As the samples of the subject goods failed the screening test in terms of the above parameters, the goods appeared to be off-specification furnace oil. Under “ITC (HS) Classification of Import & Export Items”, specific licence of the Director-General of Foreign Trade (DGFT) was required for the import of such off-specification goods. The appellants failed to produce specific import licence in respect of the consignments. The Customs authorities also observed that they had not followed the procedure laid down under the Hazardous Wastes (Management and Handling) Rules 1989 made under the Environment (Protection) Act 1986. The department, therefore, in a show-cause notice dated 27.8.2002 issued to the party, proposed to confiscate the goods under Section 111(d) of the Customs Act. The proposal was contested on the strength of the High Court’s judgment in C.W.P. No. 4082/2001. It was contended by the party that the legality of the import had already been settled by the High Court in their favour and therefore the goods were not liable to confiscation. The adjudicating authority, however, ordered absolute confiscation of the goods. It’s decision is under challenge in this appeal.

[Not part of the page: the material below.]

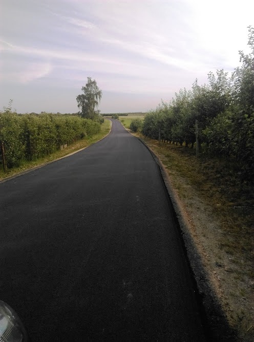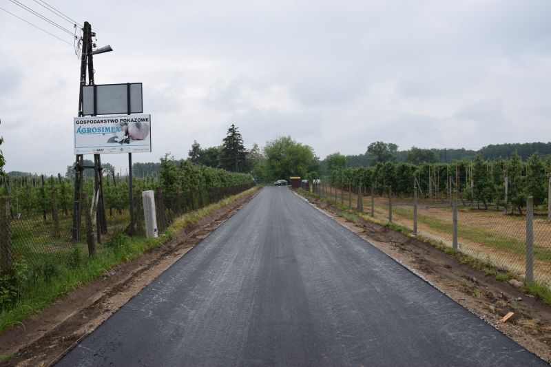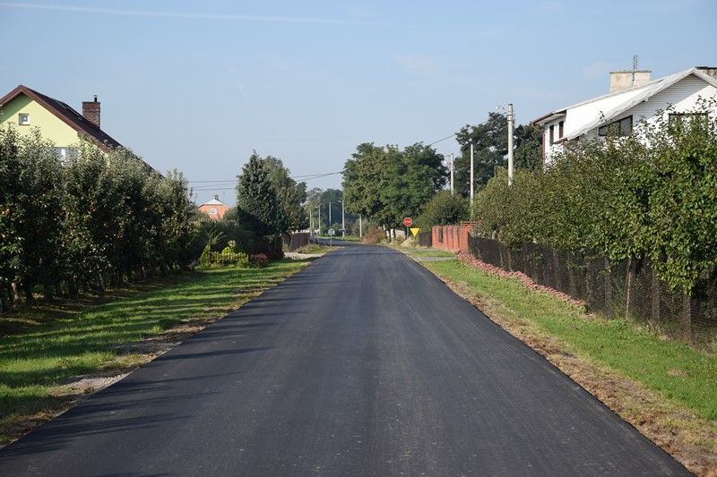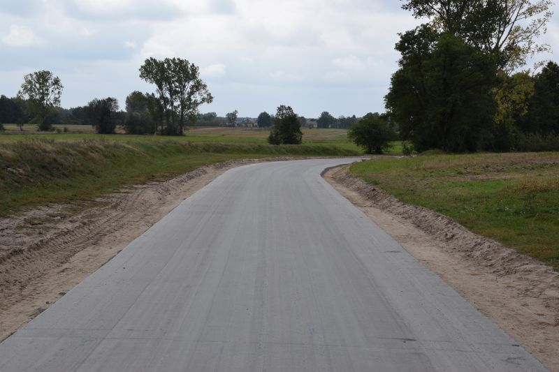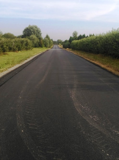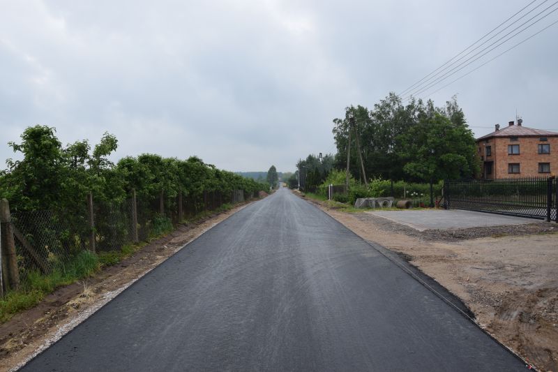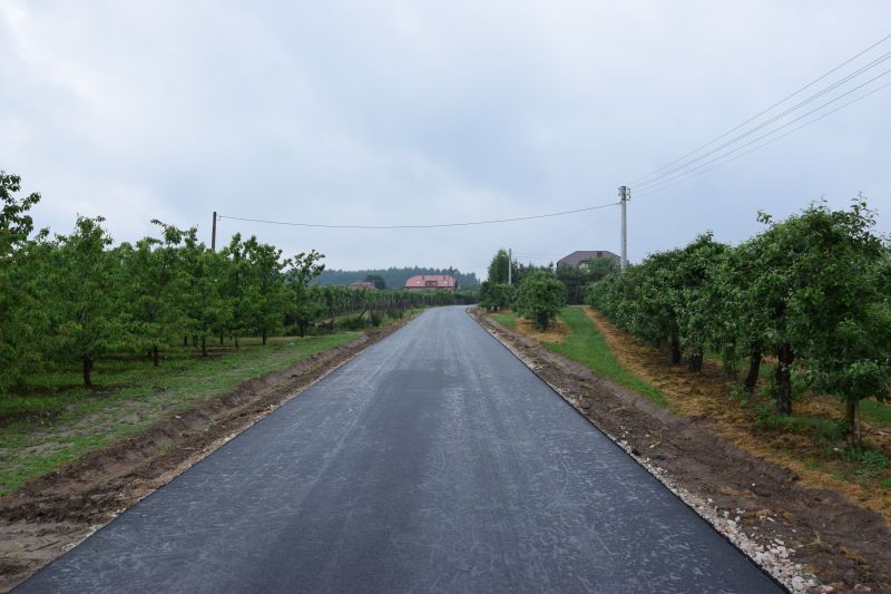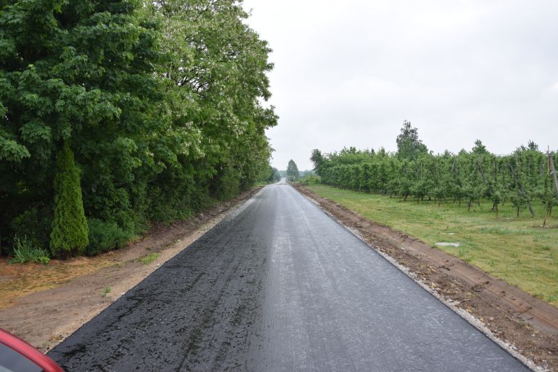W ramach przebudowy drogi wykonano, na odcinku 1.103 m, podbudowę z kruszywa i nawierzchnię bitumiczną oraz przepusty i pobocza.

3. Heard both the sides. Shri G.L. Rawal, Counsel for the appellants, has elaborately referred to the High Court’s judgment (reported in 2002 (140) ELT 353 (Del.)) and argued that as the import was held to be legal it was not open to the Customs authorities to treat it as illegal as long as the High Court’s judgment operated. The show-cause notice itself is tantamount to contempt of the Hon’ble High Court, the learned Counsel submitted. The DR has reiterated the findings of the Commissioner.

4. I have carefully considered the matter. On a perusal of the Hon’ble High Court’s judgment in Om Petrochemicals v. Union of India [2002 (140) ELT 353 (Del.)], I not that the court has considered, and decided in, the question whether the import of the subject goods was legal or not. Their lordship’s decision is contained in para (20) of their judgment, which reads:

“20. In the instant case, having regard to the legal position as noticed above it must be held that the import of the goods in question was legal. It was even legal when the goods reached the port.”

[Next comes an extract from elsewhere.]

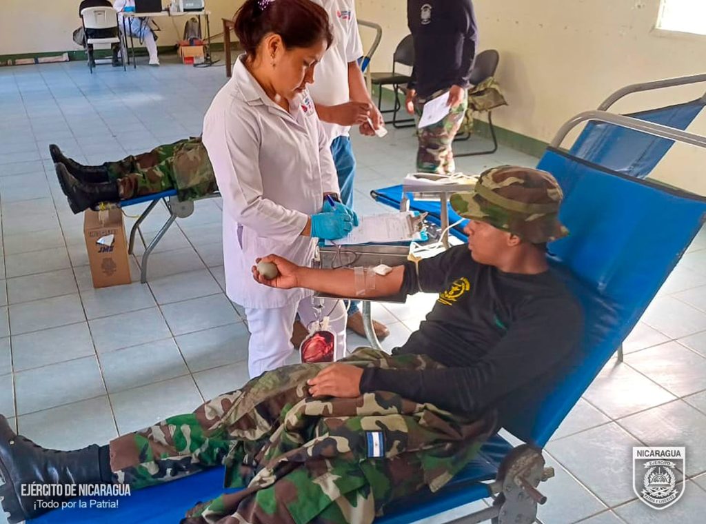 El Ejército de Nicaragua consecuente con el lema de que “Somos el Pueblo mismo uniformado trabajando en su propio beneficio”, el 19 de febrero de 2024, a través del 4 Comando Militar Regional, en coordinación con el Banco Nacional de Sangre, participó en jornada de donación voluntaria de sangre.

‘Legal’ means “in accordance with law” and “law” includes the Rules referred to in the show-cause notice and the impugned order. The confiscation was ordered under Section 111(d) of the Customs Act. The relevant clause reads as under :-

“111. Confiscation of improperly imported good, etc. – The following goods brought from a place outside India shall be liable to confiscation :-

(a) ………….

(b) ………….

(c) ………….

(d) any goods which are imported or attempted to be imported or are brought within the Indian customs waters for the purpose of being imported, contrary to any prohibition imposed by or under this Act or any other law for the time being in force;”

The above clause could be invoked to confiscate those goods which are imported or attempted to be imported contrary to any prohibition imposed by or under this Act or any other law for the time being in force. In the instant case, the goods cannot be held to have been imported “contrary to any prohibition imposed by or under the Customs Act or any other law for the time being in force” as the same was imported legally as held by the High Court. When the importation is legal, it gets over all prohibitions of the kind mentioned in Clause (d) of Section 111 of the Customs Act. Therefore, the goods in question does not attract Section 111 (d) of the Act and hence it is not liable to confiscation. The view taken by the Commissioner cannot be sustained.

5. For the aforesaid reasons, the impugned order is set aside and the appeal is allowed.